Kairo deflected it with a blade of light, snarling. "Get behind me!"
But Aira didn't move. The relic in her hand began to glow, answering her will. She raised it instinctively, and the blast turned to mist midair.
Vivara's eyes widened. "So, it's already chosen you. How disappointing."
She snapped her fingers—and from behind her, shadows exploded from the riverbank, forming creatures with glowing blue eyes.
Leo groaned. "Shadow hounds. Great. Just what I needed today. If one bites my coat again, I'm going to scream."
"Leo, maybe focus on not dying first?" Aira yelled as the first beast lunged.
Kairo was already moving like a blur, slicing down the first two with ease.
"Protect the relic!" he shouted.
Aira ducked behind a rock, heart pounding. She clutched the relic to her chest, feeling its heat seep into her bones.
Then she heard a whisper in her mind.
"Use me… or lose him."
Her eyes snapped up—to Leo, pinned beneath a shadow hound.

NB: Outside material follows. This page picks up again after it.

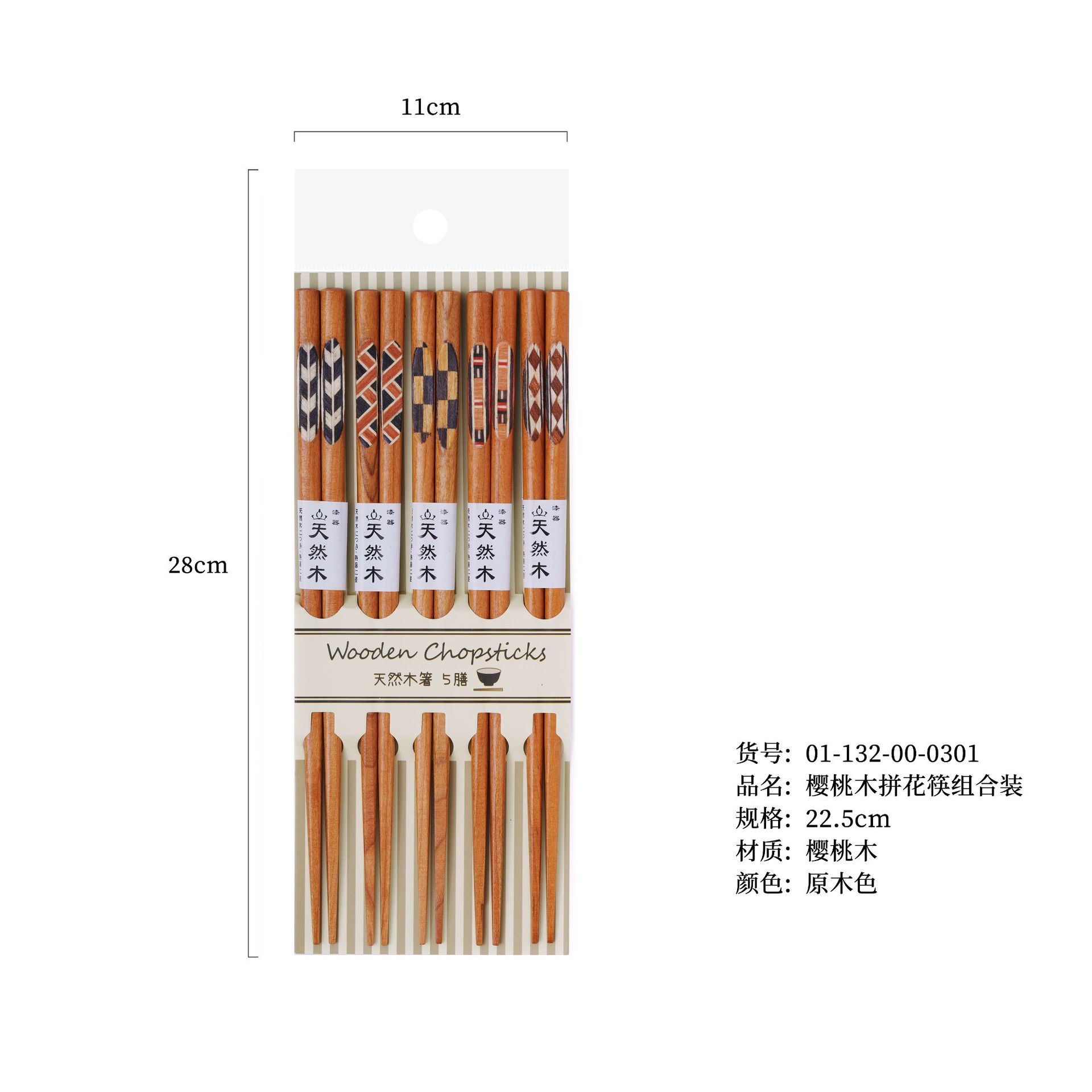 • 체리 나무 쪽모이 세공 젓가락 5 쌍의 카드
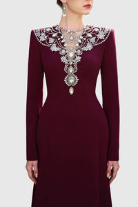 Beaded Neckline Long Sleeve Bodycon Maxi Evening Gown

"No!" she screamed, and the relic answered.
With a brilliant flash, a wave of golden fire erupted from her, sweeping across the battlefield and disintegrating every shadow in its path.
Even Vivara stumbled, shielding her face.
"You've barely scratched the surface of that power," Vivara hissed. "But don't worry. I'll be back for the rest."
She vanished in a blink, swallowed by her own shadows.
Silence returned—only the river still whispering.
Leo sat up, coughing. "Okay, next time, can we fight somewhere with fewer monsters and more sandwiches?"
Aira let out a laugh she didn't know she had left. "I'll think about it."
Kairo sheathed his blade. "You held your ground, Empress."
But Aira didn't feel victorious.
Because deep down… she knew Vivara's attack was just a warning.
And Lucien… Lucien was still smiling in her mind.